Testimonio de Gaby Saget, periodista de Radio Métropole en Puerto Príncipe, galardonada con el Premio de la Francofonía 2009 RFI-OIF-RSF
“Te espero en Les Cayes esta noche”, decía el SMS de mi amigo Jonathan Boulet-Groulx, responsable de un proyecto de revalorización del trabajo de los minúsválidos cerca de Les Cayes.
“Trato hecho, llego mañana”, le contesté. Lunes 11 de enero, 14:42 horas, mi decisión estaba tomada. Al día siguiente, por la mañana, salí en dirección a Les Cayes con mi mejor amiga, me quedaría allí los dos últimos días de mis vacaciones anuales.
Llegamos a primera hora de la tarde. Visita de la ciudad, gastronomía… por fin disfrutaba de mis vacaciones.
Yendo a la playa, sentimos una ligera sacudida. Detuvimos el coche y examinamos los neumáticos, en vano. Retomamos nuestro camino tranquilamente, sintiendo más sacudidas que atribuimos al mal estado de la carretera.
Alrededor de las 22 horas Jonathan se encontró con un compañero que nos dio la noticia: hubo un terremoto. La radio local hablaba de un edificio derrumbado en Mapou y de algunos escolares heridos y aterrorizados por la sacudida.
Intentamos comunicarnos a Puerto Príncipe por teléfono. Conseguimos establecer un primer contacto de milagro: Puerto Príncipe se había derrumbado, el Palacio Nacional, los edificios públicos, las escuelas y muchas viviendas.
Cerca de las doce de la noche por fin pude hablar con mi padre. Mi familia escapó de la muerte durante el derrumbe de nuestra casa, pero no tenían a dónde ir.

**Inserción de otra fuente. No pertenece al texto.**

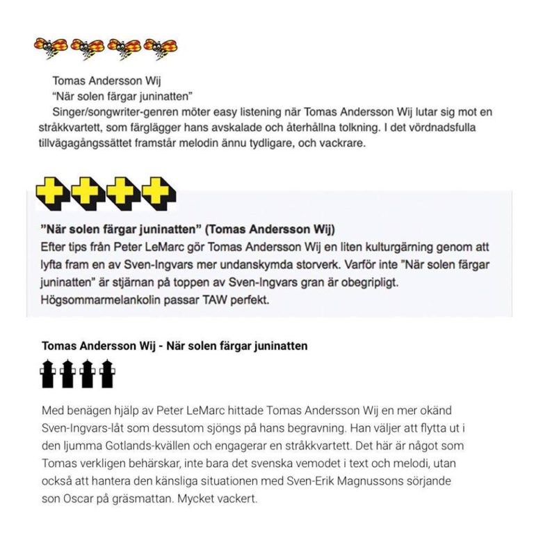 Fina ord i tidningarna om ”När solen färgar juninatten”, Tomas tolkning av Sven-Erik Magnussons i hyllningsavsnittet av Så mycket bättre. Idag gick låten in på Spotifys virallista plats 9.
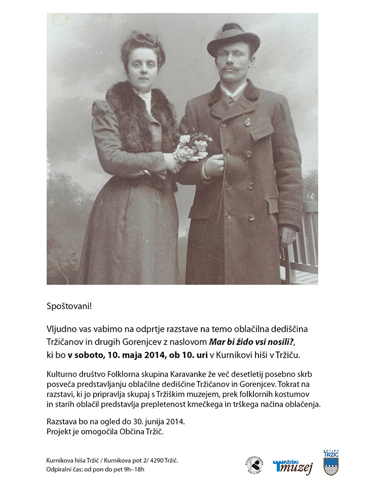Na razstavi, ki si jo do konca junija lahko ogledate ob predhodni najavi na trziski.muzej@guest.arnes.si ali 04/53-15-500, je mogoče videti folklorne kostume KD FS Karavanke, stara oblačila iz zbirke Tržiškega muzeja in iz zasebnih zbirk in pa zanimiva oblačila ter druge predmete, namenjene urejanju osebnega videza. Še posebej so zanimivi razstavljeni predmeti, ki so se ohranili v eni izmed hiš na Glavnem trgu, kjer za dediščino izjemno lepo skrbita Maja in Matjaž Simon.

Estaba atónita. Encima me decían que la tierra seguía temblando.
Teníamos que volver cuanto antes. Jonathan se ofreció a llevarnos, él también estaba preocupado por sus amigos. No imaginaba lo que me esperaba.
Cuando llegamos a Grand-Goâve vimos los primeros estragos del sismo. Hasta Carrefour, la carretera estaba llena de rocas enormes y de grandes trozos de asfalto que se habían levantado, las casas adosadas se habían derrumbado.
A cada lado de la carretera pasaban interminables filas de supervivientes, provistos de una maleta o de un fardo que contenían sus humildes bienes.
En los terrenos sin construir se improvisaban campamentos cuyas tiendas estaban hechas con mortajas.
Al entrar en la zona metropolitana decidimos transitar por la parte baja de la ciudad, la mayor zona comercial y administrativa de Puerto Príncipe.
Era el Apocalipsis, el Palacio Nacional se había hundido, los ministerios estaban destruidos, la Dirección General de Impuestos estaba reducida a un montón de escombros donde algunos socorristas voluntarios buscaba supervivientes.
El Champs de Mars fue convertido en un campamento de damnificados. Crecía la angustia. ¿Cuál sería mi futuro en un país reducido a ruinas? Se me llenaban los ojos de lágrimas. Vi a un compañero, no podía aguantar, me eché a sus brazos. Lloramos.
Luego me llevaron a mi casa.
Mi casa, de dos pisos, se había derrumbado aplastando a dos niños y un adulto que se encontraban en la planta baja. Horrorizada por la situación me di cuenta de que estaba sin techo, al igual que miles de personas de todas las condiciones sociales. Estábamos obligados a dormir debajo de una tela de plástico o bien bajo la chatarra de un coche.
Pasé la primera noche acurrucada contra una niña, sentada en una silla y tapada con una sábana vieja, con frío y miedo a las réplicas sísmicas.
Eso es todo, la vida pende de un hilo. Una simple invitación me salvó la vida. Tenía que conservarla. Empezaba la segunda prueba.